Transcribe the entries below word for word, beginning at the line with "These antique bronze" and stopping after the line with "맥도날드에는 맥런치가, 롯데리아에는"; drop all pictures.
-----
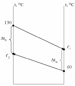 Δtб = t1н – t'2 = 130 – 63,88 = 66,12 ОС
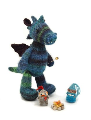 This is a very cute project with interesting stitches and techniques. It is advanced-beginner level, but don’t feel intimidated if you like to learn new things. The dragon looks good in a wide range of yarns, so feel free to use what you like or have. The knight and princess take very little yarn, so are good to use up left-overs. They can be as simple or as creative as you like.
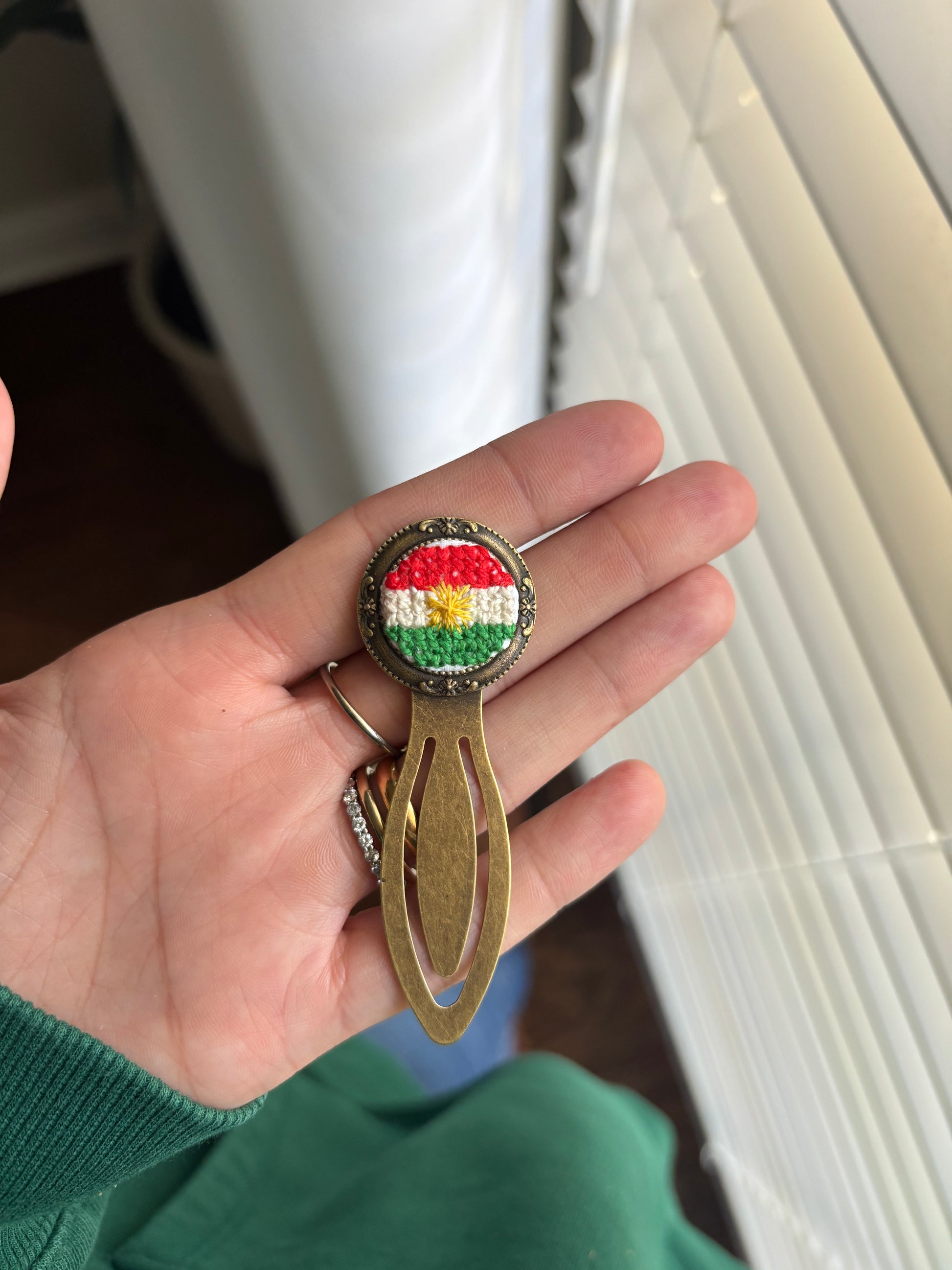 These antique bronze toned bookmarks add a personalized touch to your reading. Each of the circle portions are ‘filled’ with a hand embroidered design or tatreez motif. Custom orders or personalized options are available upon request. Let me know if you have any questions at all!
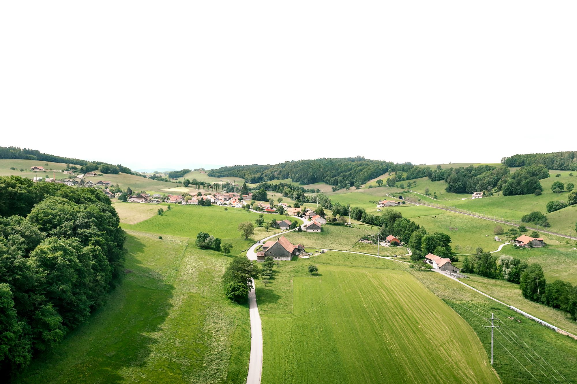 From above, Praz-Pury still looks like postcard country: a patchwork of pastures, hedgerows, and 1930s farmsteads aligned to the roll of the Fribourg hills. One of those barns now holds a surprise. Working for a young family who raise horses, Lausanne-based studio Bard-Yersin has tucked a 90-square-meter apartment into the farm’s disused rural wing without upsetting either daily chores or the long agrarian rhythm of the site. Their strategy is almost archaeological: keep every space doing the job it was born to do, and then insinuate domestic life where the plan itself already invites it. In the original typology, two stables flank a lofty central passage—the fourragère—used for feeding livestock and hoisting hay overhead. Bard-Yersin simply claimed that through-space for living, dining, and cooking; one of the old stalls now holds bedrooms and bath, while the second continues to shelter horses. The hayloft above? Still a hayloft.
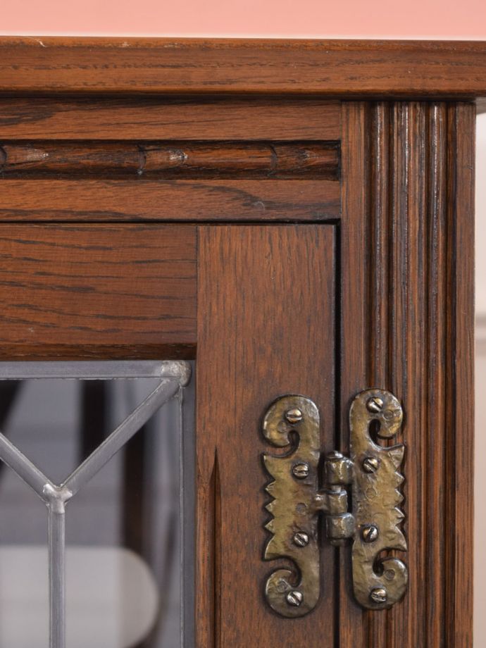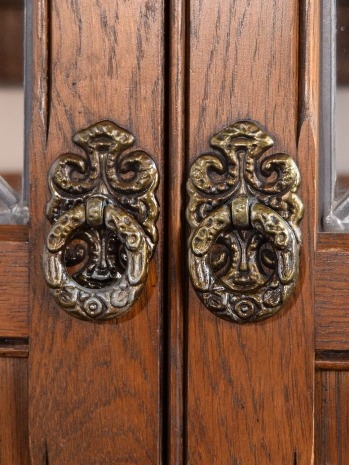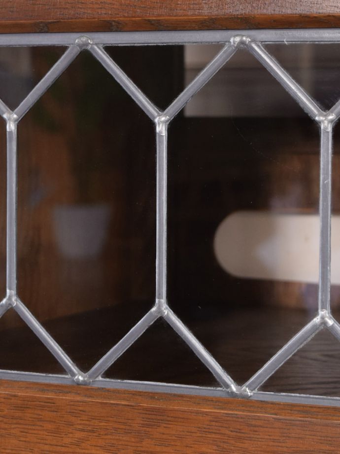 イギリスのアンティーク家具、ステンドグラスの扉がキレイな扉付きの本棚 (商品番号 k-2987-f)
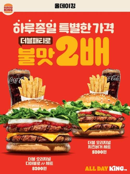 맥도날드에는 맥런치가, 롯데리아에는 착한 점심이 있다면 버거킹에는 한 술 더 뜬 '올데이킹'이 있습니다. 하루 종일 착한 가격으로 버거를 먹을 수 있는 버거킹 행사 아닌 행사라고 할 수 있죠.
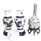 PAIR DRAGON VASES BRUSH WASHER & FAMILLE ROSE VASE Matching pair of dueling dragon vases. Both vases sit on wooden bases. Heavy crazing. A blue and white porcelain brush washer with a depiction of Buddha and a maker's mark on the bottom. Also a 19th Century Chinese export famille rose vase with hand painted rose motif, atop a wooden base, 1 prong of base is broken. Size: 5.5" w/o stand, 2", & 6" w/o base, Est. 50-150, Lot: 32168
-----
### Output for this task
 These antique bronze toned bookmarks add a personalized touch to your reading. Each of the circle portions are ‘filled’ with a hand embroidered design or tatreez motif. Custom orders or personalized options are available upon request. Let me know if you have any questions at all!
 From above, Praz-Pury still looks like postcard country: a patchwork of pastures, hedgerows, and 1930s farmsteads aligned to the roll of the Fribourg hills. One of those barns now holds a surprise. Working for a young family who raise horses, Lausanne-based studio Bard-Yersin has tucked a 90-square-meter apartment into the farm’s disused rural wing without upsetting either daily chores or the long agrarian rhythm of the site. Their strategy is almost archaeological: keep every space doing the job it was born to do, and then insinuate domestic life where the plan itself already invites it. In the original typology, two stables flank a lofty central passage—the fourragère—used for feeding livestock and hoisting hay overhead. Bard-Yersin simply claimed that through-space for living, dining, and cooking; one of the old stalls now holds bedrooms and bath, while the second continues to shelter horses. The hayloft above? Still a hayloft.
 イギリスのアンティーク家具、ステンドグラスの扉がキレイな扉付きの本棚 (商品番号 k-2987-f)
 맥도날드에는 맥런치가, 롯데리아에는 착한 점심이 있다면 버거킹에는 한 술 더 뜬 '올데이킹'이 있습니다. 하루 종일 착한 가격으로 버거를 먹을 수 있는 버거킹 행사 아닌 행사라고 할 수 있죠.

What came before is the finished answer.